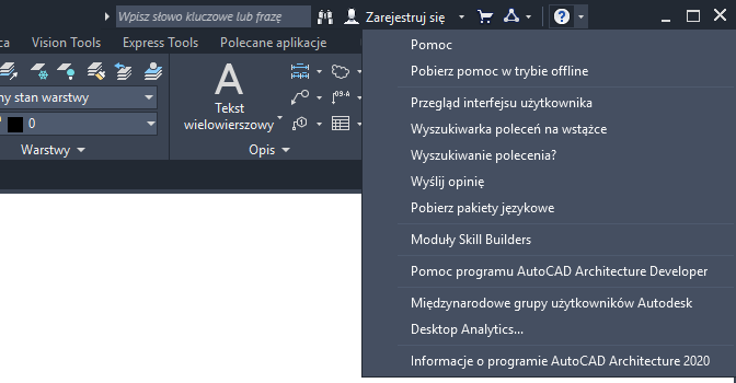 Aby otworzyć interaktywny przewodnik po interfejsie użytkownika, kliknij przycisk Pomoc na panelu InfoCenter w prawym górnym rogu okna aplikacji, a następnie kliknij przycisk Przegląd interfejsu użytkownika.
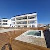 Das Gebäude liegt 120 Meter vom Meer und Strand entfernt und verfügt über einen Gemeinschaftspool. Jeder Wohnung gehört ein Außenstellplatz an.
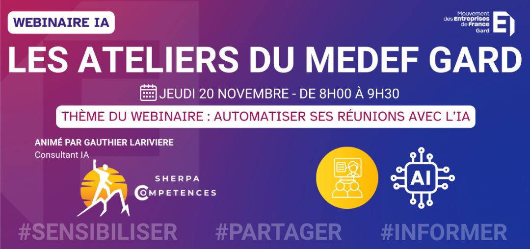 Le MEDEF Gard, en partenariat avec Gauthier LARIVIERE (consultant IA chez SHERPA COMPETENCES), vous invite au 2ème Rendez-vous de l’Intelligence Artificielle du MEDEF GARD.
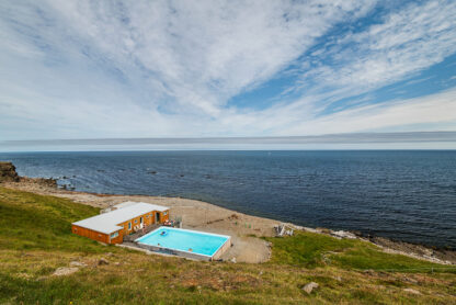 Tyto termální vany najdete přímo ve vesnici Drangsnes. Zaparkovat můžete snadno hned vedle.
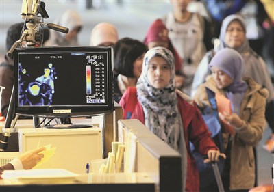 南韓出現中東呼吸道症候群(MERS)確診患者,在機場對旅客偵測體溫,對評檢疑似患者的發燒溫度從攝氏38度下調至攝氏37.5度。圖/美聯社
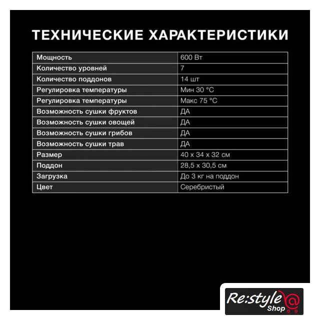 | Комплектация | 7 металлических поддонов7 поддонов для пастилы |
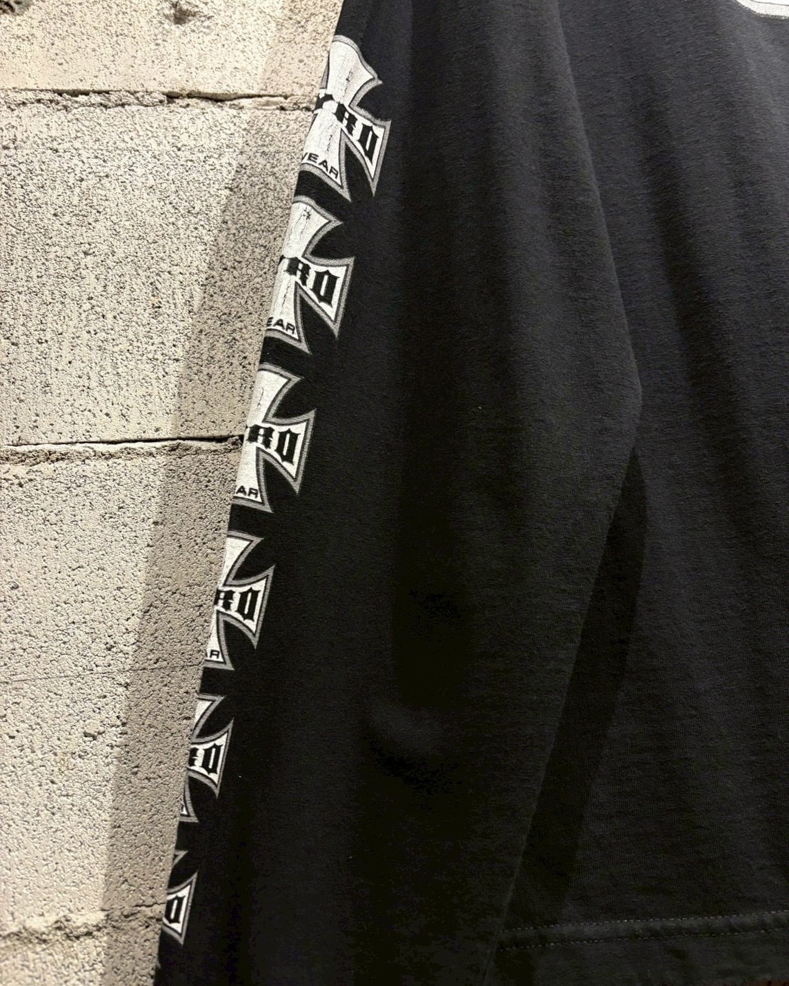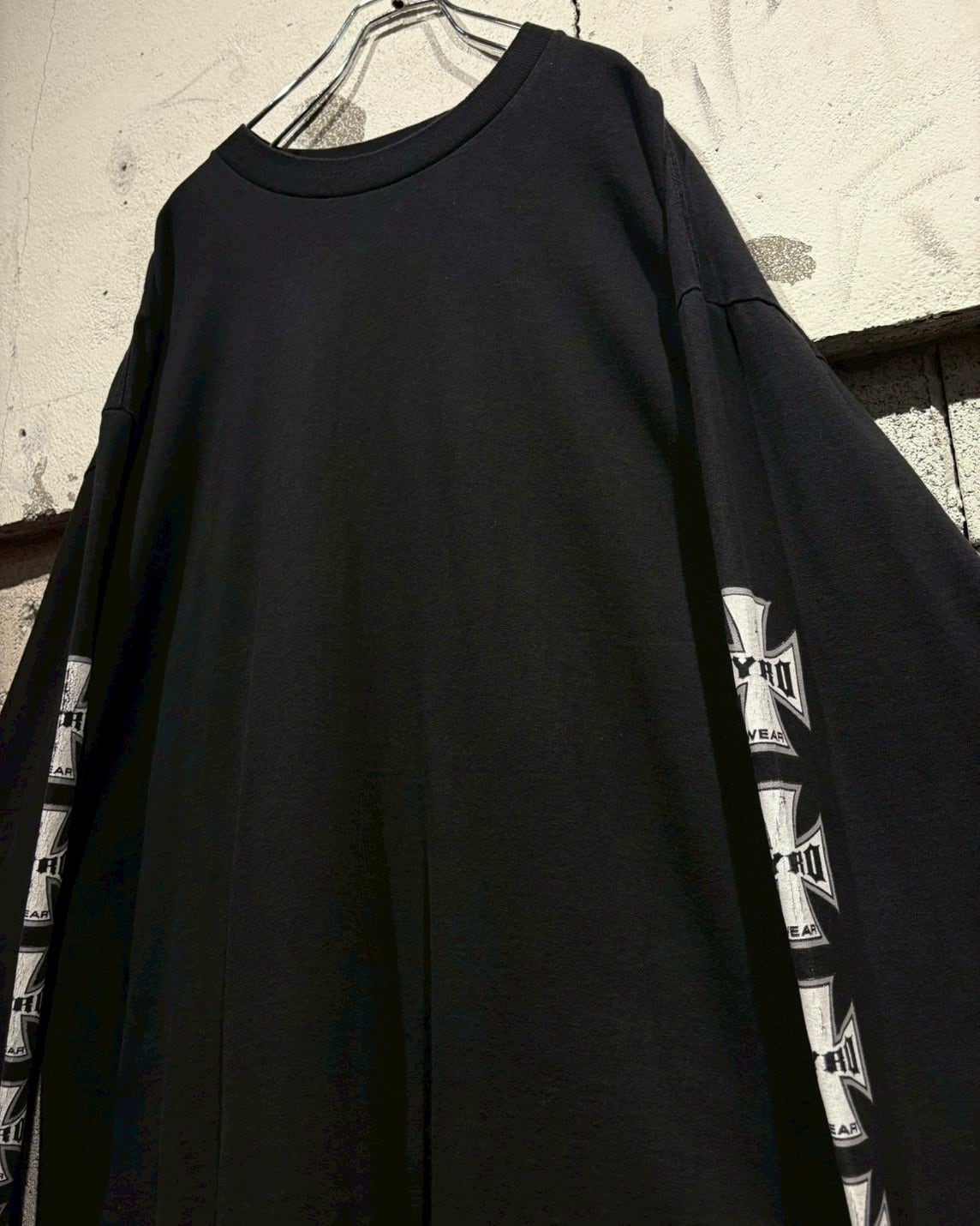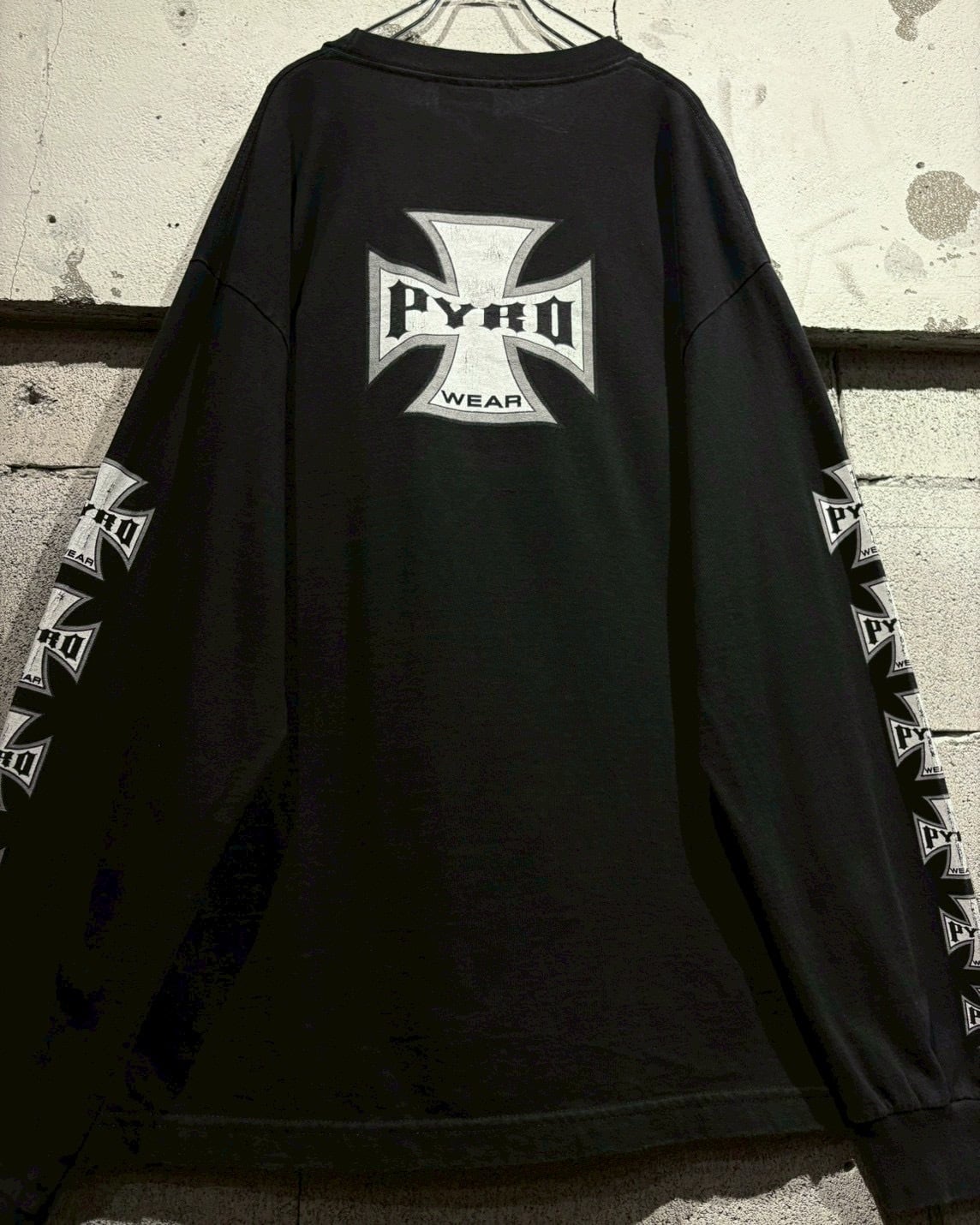 アメリカンストリートの空気感を色濃く反映した“PYRO WEAR”より、アイアンクロスのプリントを施した90’sのロングスリーブTシャツ。

=-=-=

**Task:**
Set down the material word for word, and drop every picture from it.

**Exercise result:**
 Aby otworzyć interaktywny przewodnik po interfejsie użytkownika, kliknij przycisk Pomoc na panelu InfoCenter w prawym górnym rogu okna aplikacji, a następnie kliknij przycisk Przegląd interfejsu użytkownika.
 Das Gebäude liegt 120 Meter vom Meer und Strand entfernt und verfügt über einen Gemeinschaftspool. Jeder Wohnung gehört ein Außenstellplatz an.
 Le MEDEF Gard, en partenariat avec Gauthier LARIVIERE (consultant IA chez SHERPA COMPETENCES), vous invite au 2ème Rendez-vous de l’Intelligence Artificielle du MEDEF GARD.
 Tyto termální vany najdete přímo ve vesnici Drangsnes. Zaparkovat můžete snadno hned vedle.
 南韓出現中東呼吸道症候群(MERS)確診患者,在機場對旅客偵測體溫,對評檢疑似患者的發燒溫度從攝氏38度下調至攝氏37.5度。圖/美聯社
 | Комплектация | 7 металлических поддонов7 поддонов для пастилы |
 アメリカンストリートの空気感を色濃く反映した“PYRO WEAR”より、アイアンクロスのプリントを施した90’sのロングスリーブTシャツ。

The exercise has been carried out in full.